Если не удастся уговорить священника помочь ему, тогда придется воспользоваться тем, что они останутся с ним один на один хотя бы на самое короткое время, и убить его. С помощью табуретки это не составит труда. Задушить его он не сможет, слишком мало силы осталось в руках и пальцах. Значит, надо убить, быстренько натянуть на себя его одеяния и в них выйти отсюда! Пока убитого обнаружат, он уже выберется из замка и убежит, убежит! Мария впустит его и спрячет. Надо попытаться. Это возможно.
Никогда еще в своей жизни Златоуст так не торопил рассвет, не ждал его с таким нетерпением и страхом, как в этот час. Дрожа от напряжения и решимости, следил он глазами охотника, как слабая полоска света под дверью медленно, медленно светлела. Он вернулся к столу и стал учиться сидеть на табуретке, спрятав руки между коленями, чтобы не сразу бросалось в глаза отсутствие веревки. С тех пор как руки его были свободны, он уже не думал о смерти. Он был полон решимости спастись, даже если при этом весь мир разлетится вдребезги. Он был полон решимости жить, жить любой ценой. Ноздри его трепетали от жажды свободы и жизни. И кто знает, может быть, там, за дверью темницы, кто-то уже спешит ему на помощь? Агнес — женщина, власть ее невелика, вероятно, и мужества у нее мало; может статься, что она выдала его. Но она любит его и, наверно, попытается что-то сделать. Быть может, за дверью уже крадется камеристка Берта, а ведь, кажется, она упоминала еще и конюха, на которого можно положиться? Но если никто не появится и не подаст ему знак, что ж, тогда он приведет в исполнение свой план. Если задуманное не удастся, он убьет табуреткой стражника, или двух, или трех, или всех, кто придет. В одном преимуществе он не сомневался: его глаза привыкли к темному подвалу, в сумерках он смутно угадывал формы и размеры, в то время как другие первое время не будут видеть ничего.

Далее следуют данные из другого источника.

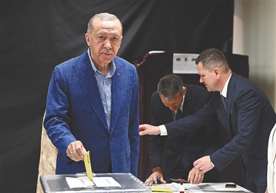 土耳其总统选举第二轮投票当地时间28日8时(北京时间13时)开始进行,现任总统埃尔多安和反对党阵营“民族联盟”候选人克勒奇达尔奥卢展开最终角逐。图为土耳其现任总统埃尔多安在伊斯坦布尔参加投票。新华社发
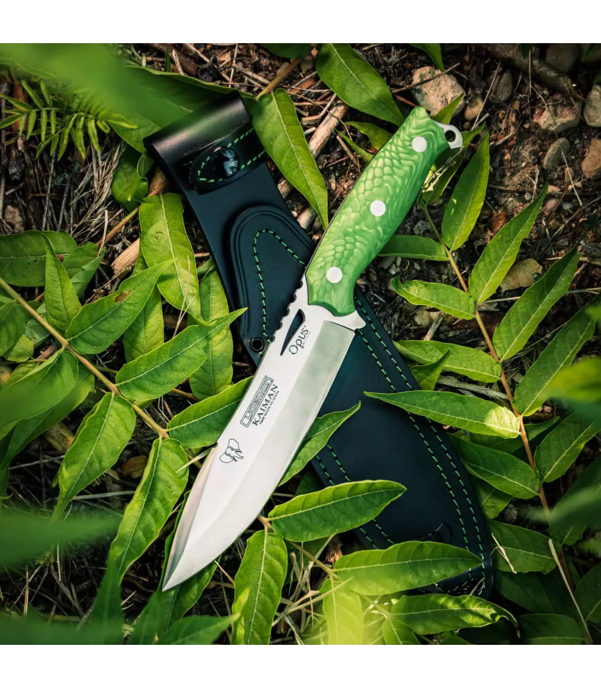 Coltello Kayman, verde juma e fondina in pelle

Словно в лихорадке сидел он за столом, обдумывая в деталях, что сказать священнику, чтобы привлечь его на свою сторону, ибо начинать надо было с этого. Одновременно он жадно следил за тем, как росла полоска света в щели. Теперь он жадно ждал и не мог дождаться мгновения, которого еще недавно боялся; такого ужасного напряжения долго ему не вынести. Да и его силы, его внимание, его решимость и осмотрительность постепенно убывали. Охранник со священником должны появиться до того, как угаснет эта напряженная готовность, это решительное желание спастись.